Final Regulations on Tax Treatment of Qualified Retirement Plan Distributions to Pay for Accident or Health Insurance Premiums | Practical Law

Final Regulations on Tax Treatment of Qualified Retirement Plan Distributions to Pay for Accident or Health Insurance Premiums | Practical Law

The Internal Revenue Service (IRS) issued final regulations clarifying that distributions by qualified retirement plans to pay for accident or health insurance are generally taxable distributions, effective for taxable years that begin on or after January 1, 2015.

Final Regulations on Tax Treatment of Qualified Retirement Plan Distributions to Pay for Accident or Health Insurance Premiums

by Practical Law Employee Benefits & Executive Compensation
Published on 13 May 2014USA (National/Federal)
The Internal Revenue Service (IRS) issued final regulations clarifying that distributions by qualified retirement plans to pay for accident or health insurance are generally taxable distributions, effective for taxable years that begin on or after January 1, 2015.
On May 9, 2014, the IRS issued final regulations clarifying that under IRC Section 402(a), amounts held in a qualified plan that are attributable to employer contributions that are used to pay accident or health insurance premiums are taxable distributions unless certain exceptions apply, including exceptions for:
Proposed regulations were originally issued on August 20, 2007 and the final regulations generally adopt the provisions in the proposed regulations with certain changes. The final regulations apply to tax years beginning on or after January 1, 2015 but may be applied to earlier years.

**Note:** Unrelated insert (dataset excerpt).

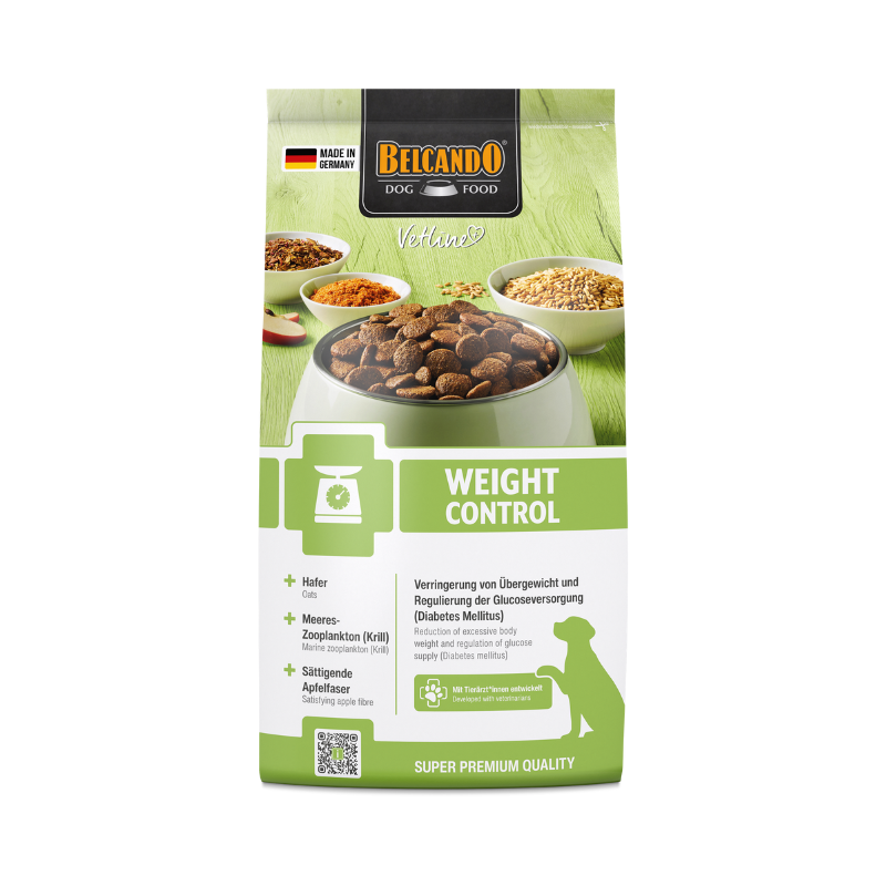 Belcando Vetline Weight Control está pensado para perros con sobrepeso o diabetes que necesitan una dieta específica prescrita por el veterinario. Desarrollado con ingredientes de primera calidad, combina carne fresca de pavo, huevo y superalimentos como lo krill, ricos en ácidos grasos omega-3, y fibra de manzana saciando que ayuda a controlar el hambre. Disponible en formato seco o húmedo, Vetline Weight Control garantiza un sabor excelente mientras facilita la transición alimentaria y ayuda a mantener tu perro sano y en forma.

Medical and Accident Benefits Paid from a Qualified Plan

The final regulations provide that a payment from a qualified retirement plan for an accident or health insurance premium is generally a taxable distribution under IRC Section 72 in the taxable year in which the premium is paid. The taxable amount is the amount of the premium charged against the participant's benefits under the plan. This includes the payment of an accident or health plan premium from unallocated contributions or forfeitures.
However, the regulations clarify that distributions of qualified retirement plan assets that are used for accident or health insurance are excludable from the gross income of the employee if they are not:
  • Paid by the employer.
  • Attributable to contributions by the employer that are excludable from the gross income of the employee.

Disability Insurance that Replaces Retirement Plan Contributions

The final regulations clarify that arrangements under which amounts are used to pay premiums for disability insurance that replace retirement plan contributions in the event of a participant's disability are not taxable if:
  • The insurance contract provides for the payment of benefits to the trust in the event of an employee's inability to continue employment because of disability.
  • The benefits paid from the employee's account do not exceed the reasonable expectation of the annual contributions that would have been made to the plan on the employee's behalf for the period of disability, reduced by any other contributions made on the employee's behalf for the period of disability within the year.

Retiree Medical Benefits under IRC Section 401(h)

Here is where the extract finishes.